Wednesday, March 4, 2026

Non-Disclosure Agreements (NDAs) in Sale–Purchase Transactions Under Kenyan Law

In a sale–purchase transaction in Kenya, a Non-Disclosure Agreement (NDA) can be initiated by either party, depending on the circumstances of the transaction.

 

1. Who Initiates the NDA?

 (a) Seller – Most Common

The seller usually initiates the NDA, especially where:

  • Confidential financial records will be shared
  • Trade secrets or proprietary information are involved
  • Due diligence is required before negotiations progress

This is common in:

  • Business sales
  • Share purchase transactions
  • Asset acquisitions
  • Real estate transactions involving sensitive valuation data

 (b) Buyer

A buyer may initiate the NDA where:

  • The buyer is disclosing funding sources
  • The buyer is revealing investment strategy or proprietary acquisition structures
  • The transaction involves competitive bidding

 (c) Mutual NDA

In many structured transactions, parties sign a mutual NDA, meaning both sides agree to protect each other's confidential information.

 

2. Legal Parameters Under Kenyan Law

In Kenya, NDAs are governed primarily by contract law and related statutes.

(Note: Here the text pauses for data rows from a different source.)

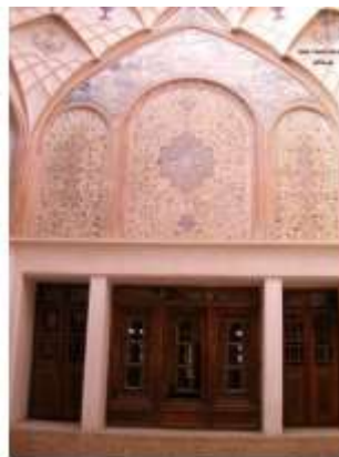
Figure (12): sash window

In hot and dry climates, the sun radiation angle is too much and the number of the sunny days is too many, to prevent from the too much sun to enter and cause too much heat the opening sections aspects should be made as small as possible and the elevations from the ground level should be heightened. But such a solution does not seem to provide sufficient light for carrying out the routine activities. The Iranian architect transfers a sufficient amount of light to the interior of the building through the use of sash window and by taking advantage of beautiful Girih tiles and by making use of the sun light fractionation and also by taking advantage of the wood which possesses a low heat transfer coefficient the amount and the intensity of the heat transfer is reduced (18) (figure 12).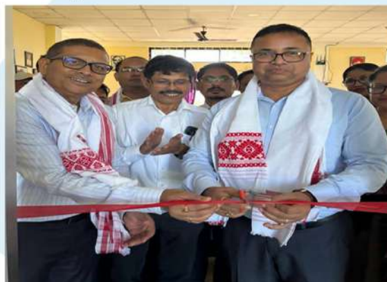
Sri Pranabjit Kakati, Hon'ble District Commissioner of Lakhimpur Inaugurated the UNESCO Library Corner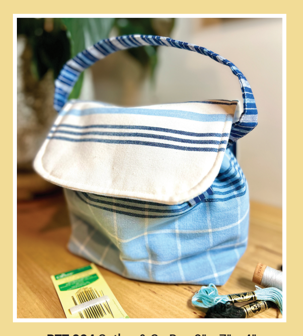
PTT 284 Gather & Go Bag 8" x 7" x 4"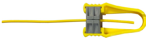
3.0 mm Simplex jacket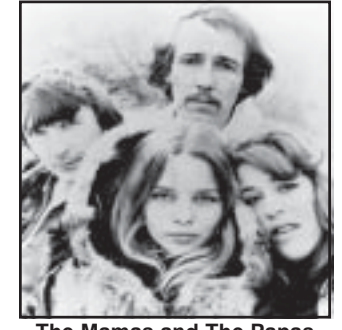
The Mamas and The Papas

1965-1967 Rock Rewind can be seen Saturday, the 29th at 8:30 p.m.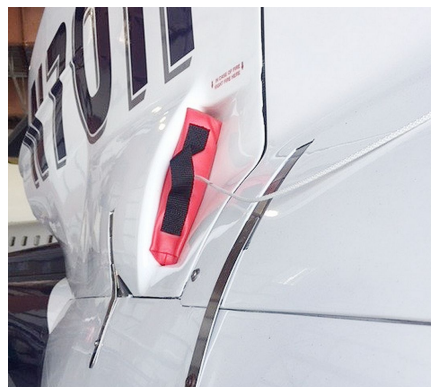
Sikorsky S76 (All Models) Intake Plugs (S76c Models)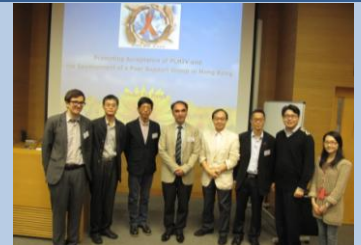
"Walk with Love" seminar for promoting HIV prevention (Nov 2012)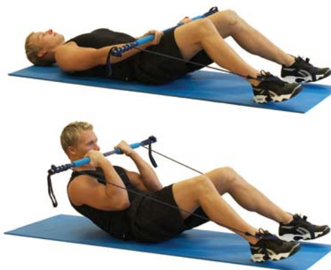
Crunch or Sit-up with biceps curl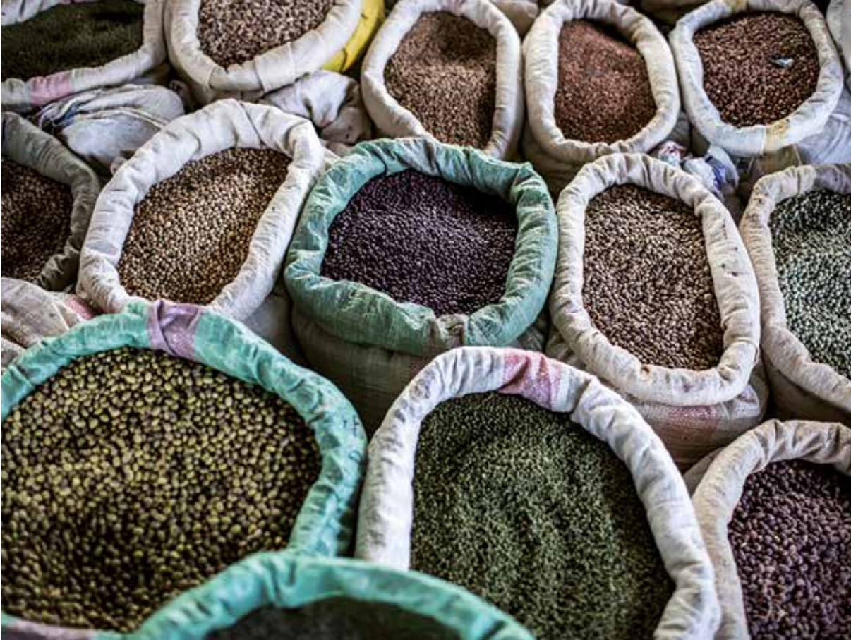
Photo 18. Cereals, beans, sorghum and other seeds at a stall in a market, Meru County, Kenya.

objectives. One of the essential roles of biodiversity is to integrate resilience into agriculture in order to reduce its vulnerability to natural disasters while at the same time, enabling agriculture to contribute to climate change mitigation and adaptation.

(a) Contract Law Requirements

Under the Law of Contract Act, an NDA must satisfy the essential elements of a valid contract:

  1. Offer
  2. Acceptance
  3. Consideration
  4. Intention to create legal relations
  5. Capacity of parties

Without these elements, the NDA may be unenforceable.

 

(b) Confidentiality & Commercial Protection

While Kenya does not have a single standalone “Trade Secrets Act,” protection arises under:

  • Common law principles of confidentiality
  • The Trade Secrets Act (where applicable)
  • The Competition Act (in cases of unfair competition or misuse of confidential information)

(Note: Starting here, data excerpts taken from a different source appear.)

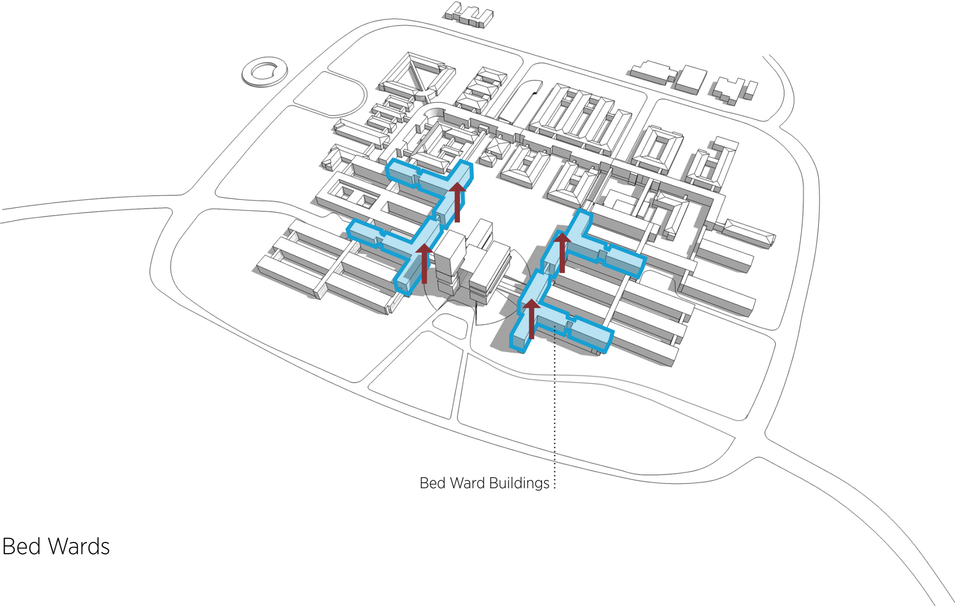
Bed Ward Buildings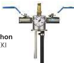
LN2-siphon Type EKI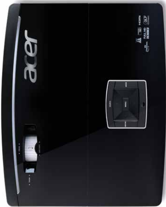
Vertical Lens Shift and 1.36x or 1.6x zoom

The Acer P6 projectors come with a number of features that make them environmentally friendly. Acer EcoProjection dramatically reduces standby power, while Acer ExtremeEco lowers lamp consumption by up to 80% and extends the lifespan of the lamp by up to 4,500 hours, keeping costs under control and ensuring long-term, dependable projector use.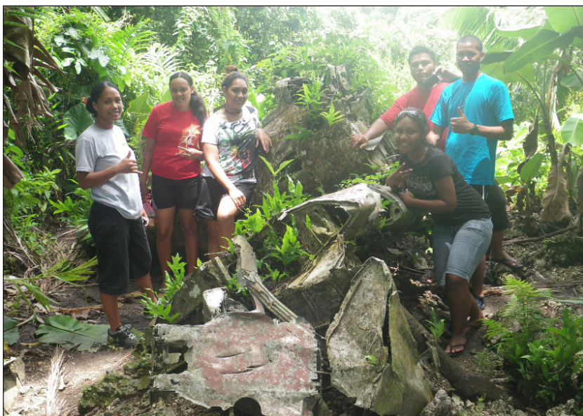
Tourism & Hospitality students with the remnants of the Japanese Zero Plane.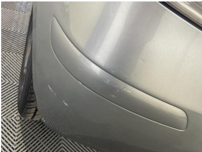
3: Bumper Rear Scratched 25 to 100mm Thru Paint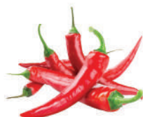
Red Chilli Pepper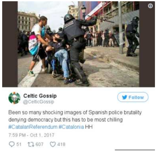
Figure 2 - Tweet from October 1, 2017 regarding the Catalonian referendum

that the beatification ceremony was an act of imagined nostalgia, bleaching the past of moral nuances.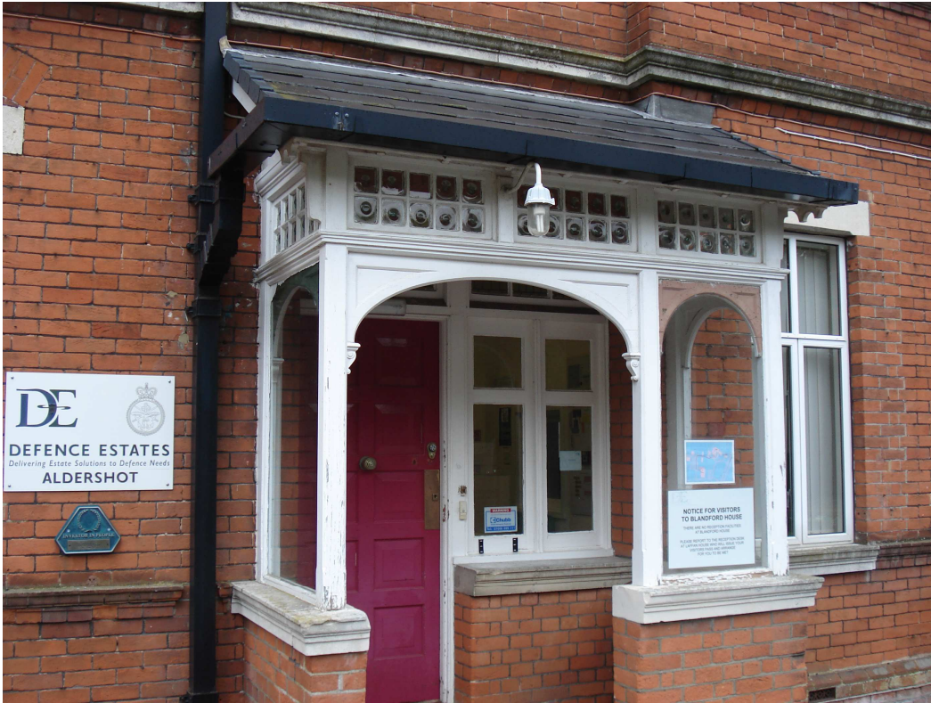
Blandford House, 5 Farnborough Road, Aldershot – porch detail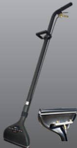
1.5" 13" head, 2-jet # 000-163-034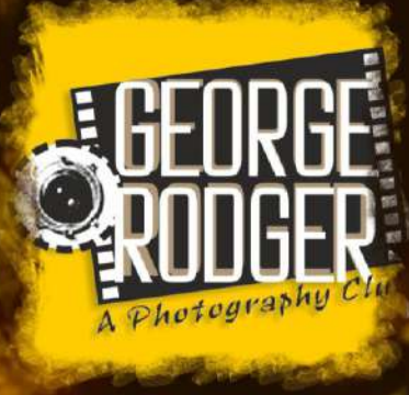
George Rodger The Photography Club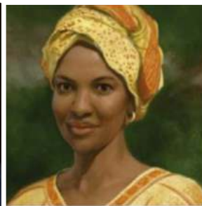
SERVANT OF GOD SISTER THEA BOWMAN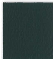
CAO-24 Hunter Green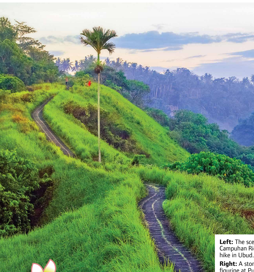
Left: The scenic Campuhan Ridge hike in Ubud.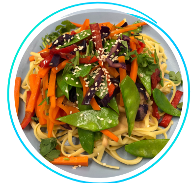
Thai Peanut Noodles

Food safety continues to be our top priority.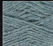
1915 Balvain Woods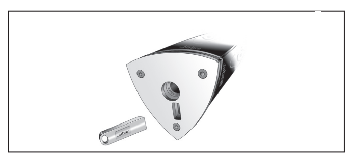
Plug and play with USB connection for fast set up.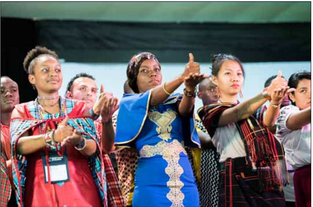
"Amen" in sign language expressed during the plenary session on Mission from the Margins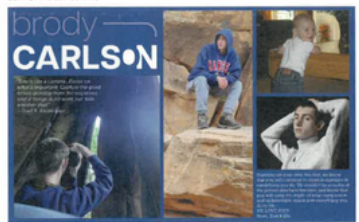
1/2 page ad format with 4 photos with varying sizes

All examples are proportional, but not the correct size

Courts in Kenya recognize and enforce confidentiality obligations where:

  • Information has the necessary quality of confidence
  • It was disclosed in circumstances importing an obligation of confidence
  • There is unauthorized use or disclosure

 

(c) Data Protection Compliance

If the NDA involves personal data, compliance with the Data Protection Act is mandatory.

Key considerations:

  • Lawful processing of personal data
  • Data subject rights
  • Security safeguards
  • Restrictions on cross-border transfer

Failure to comply can attract regulatory penalties.

 

(d) Reasonableness & Public Policy

Kenyan courts will not enforce:

  • Clauses that are overly broad or indefinite
  • NDAs used to conceal illegal conduct
  • Terms contrary to public policy

The duration and scope must be reasonable.

 

3. Key Clauses Required in a Kenyan NDA

A properly drafted NDA should include:

  • Definition of confidential information
  • Purpose limitation clause
  • Non-disclosure obligations
  • Permitted disclosures
  • Term/duration
  • Return or destruction of information
  • Remedies (injunction, damages)
  • Governing law clause (Kenyan law)
  • Dispute resolution (litigation or arbitration)

 

4. Remedies for Breach in Kenya

If breached, the injured party may seek:

  • Injunction (to stop further disclosure)
  • Damages
  • Account of profits
  • Specific performance

Proceedings are filed before the High Court of Kenya depending on jurisdictional value.

 

Practical Summary

  • Seller usually initiates the NDA in sale transactions.
  • Kenyan NDAs are governed mainly by the Law of Contract Act, common law principles of confidentiality, and the Data Protection Act (if personal data is involved).
  • The agreement must be reasonable, specific, and legally compliant to be enforceable.